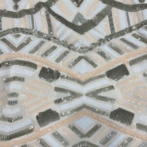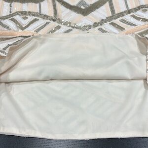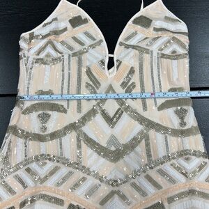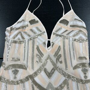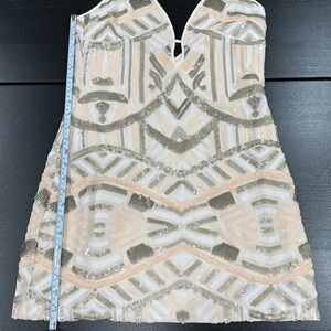 Free People Saylor Harper Sequin Shift Dress in size Small. This shift dress features a sultry plunging neckline and allover sequin embellishment. Low, strappy back with adjustable ties for an easy, effortless fit. Fully lined. One faint mark on the interior ONLY! I don’t understand how, as this dress was never worn or used. The mark is not visible while wearing, only on the liner. Measurements are shown in photos for exact fit.
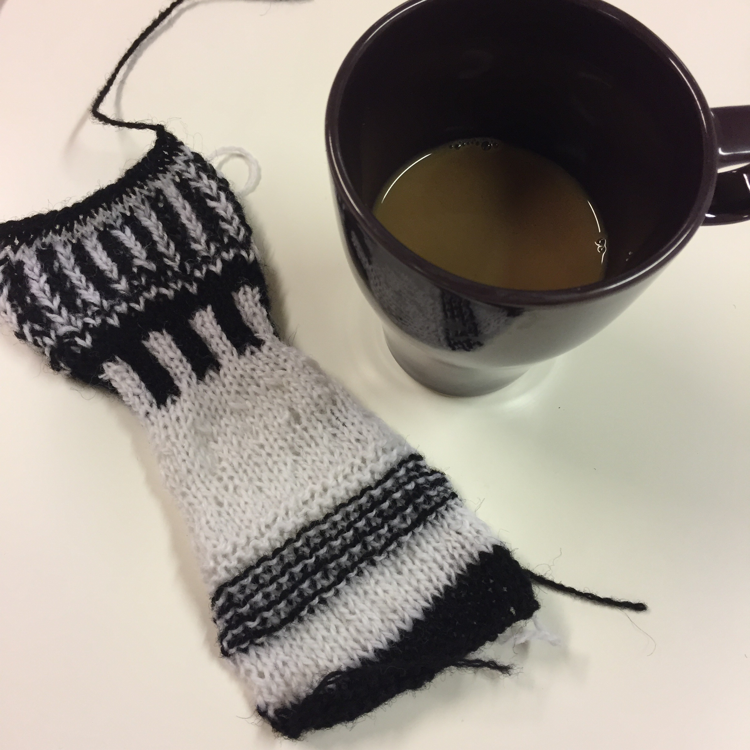 đșđž We’re working with strupes right now, Â and therefore we knit with two colours at the same time. This is a huge callenge for me since I need to focus on getting the stitches right and hold the yarn in a different way to when I crochet. But after som strugle I managed to create these test peices.
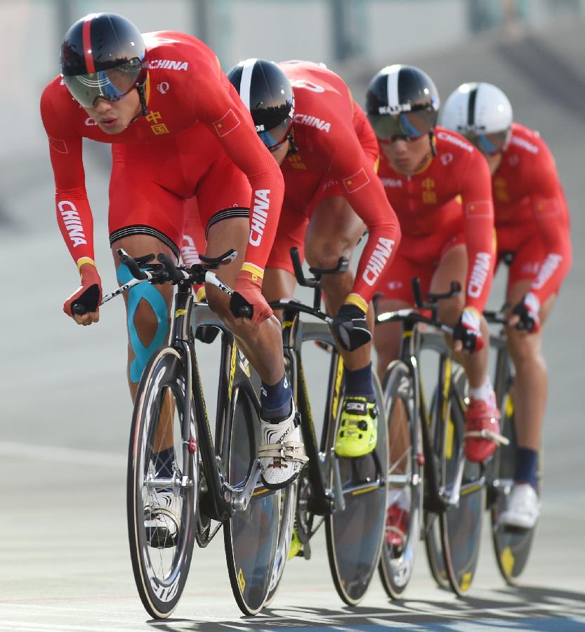 9月21日,中国队选手刘浩(前)及队友在比赛中。当日,在2014仁川亚运会场地自行车男子团体追逐赛中,中国队以4分07秒936的成绩获得冠军。 新华社记者黄宗治摄

▶ _What the task asks_
Would you please copy the material exactly, leaving all the pictures out?

▶ _Written solution_
 Free People Saylor Harper Sequin Shift Dress in size Small. This shift dress features a sultry plunging neckline and allover sequin embellishment. Low, strappy back with adjustable ties for an easy, effortless fit. Fully lined. One faint mark on the interior ONLY! I don’t understand how, as this dress was never worn or used. The mark is not visible while wearing, only on the liner. Measurements are shown in photos for exact fit.
 đșđž We’re working with strupes right now, Â and therefore we knit with two colours at the same time. This is a huge callenge for me since I need to focus on getting the stitches right and hold the yarn in a different way to when I crochet. But after som strugle I managed to create these test peices.
 9月21日,中国队选手刘浩(前)及队友在比赛中。当日,在2014仁川亚运会场地自行车男子团体追逐赛中,中国队以4分07秒936的成绩获得冠军。 新华社记者黄宗治摄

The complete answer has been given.